Using the records below, copy exactly the part that opens with the line holding "아무튼 빗썸 코인들은 역시나 업비트에서" and closes with the line holding "Чехол для Poco", minus the pictures.

Data for this exercise:
>>>>
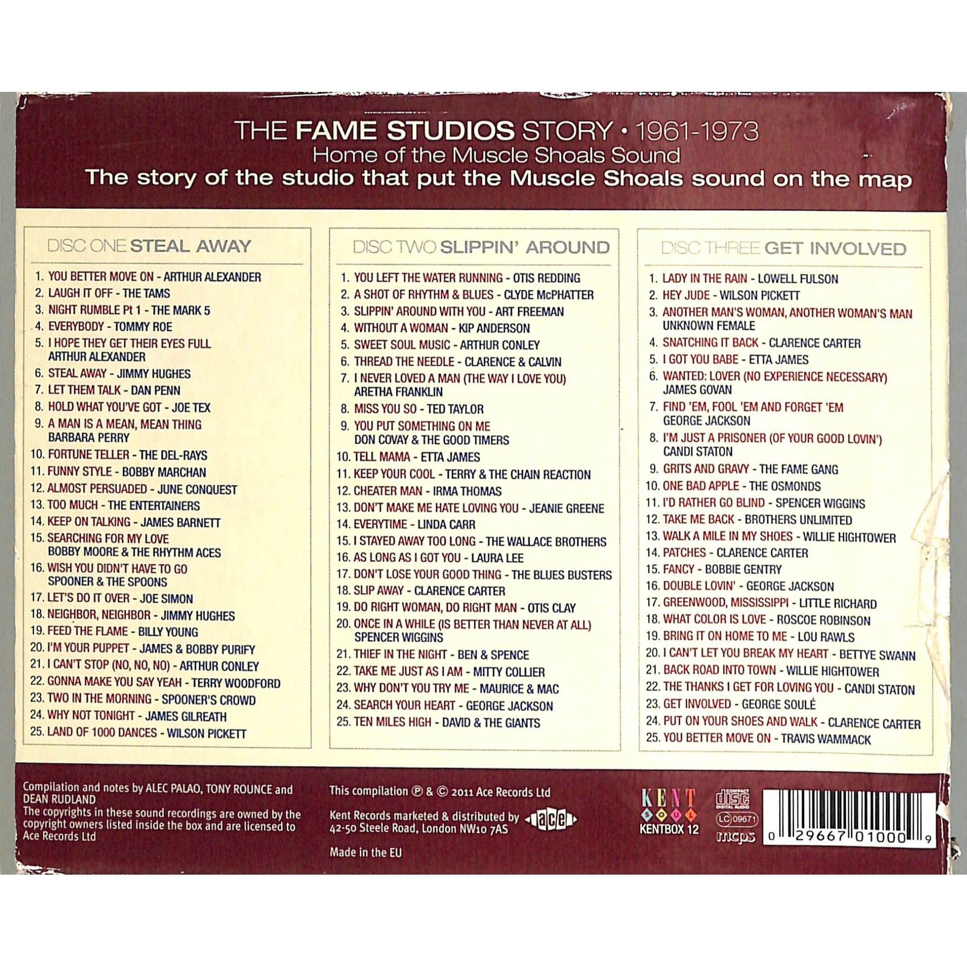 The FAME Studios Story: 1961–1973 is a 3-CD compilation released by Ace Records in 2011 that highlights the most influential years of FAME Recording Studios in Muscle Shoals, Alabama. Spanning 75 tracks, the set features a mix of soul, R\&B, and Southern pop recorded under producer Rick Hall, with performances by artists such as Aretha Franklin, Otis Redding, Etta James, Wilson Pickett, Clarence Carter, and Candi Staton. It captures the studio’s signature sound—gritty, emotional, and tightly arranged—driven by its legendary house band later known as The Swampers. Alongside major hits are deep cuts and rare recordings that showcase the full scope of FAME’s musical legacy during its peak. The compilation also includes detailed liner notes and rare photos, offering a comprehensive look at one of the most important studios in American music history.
<<<<
>>>>
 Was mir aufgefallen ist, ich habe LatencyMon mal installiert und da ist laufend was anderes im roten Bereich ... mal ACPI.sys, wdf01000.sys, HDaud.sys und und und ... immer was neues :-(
<<<<
>>>>
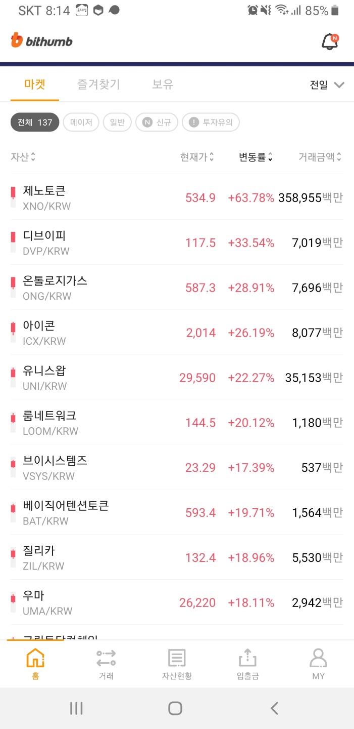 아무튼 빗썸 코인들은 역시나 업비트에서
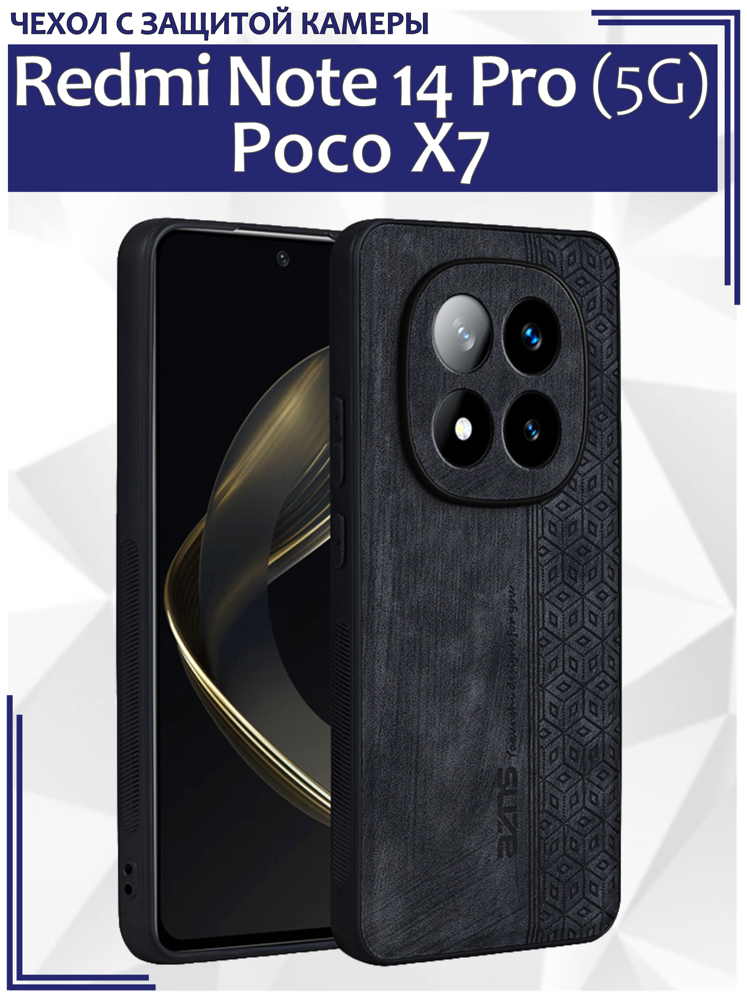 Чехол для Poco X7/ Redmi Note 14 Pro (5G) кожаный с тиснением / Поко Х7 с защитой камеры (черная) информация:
<<<<
Answer to the problem:
 아무튼 빗썸 코인들은 역시나 업비트에서
 Чехол для Poco X7/ Redmi Note 14 Pro (5G) кожаный с тиснением / Поко Х7 с защитой камеры (черная) информация:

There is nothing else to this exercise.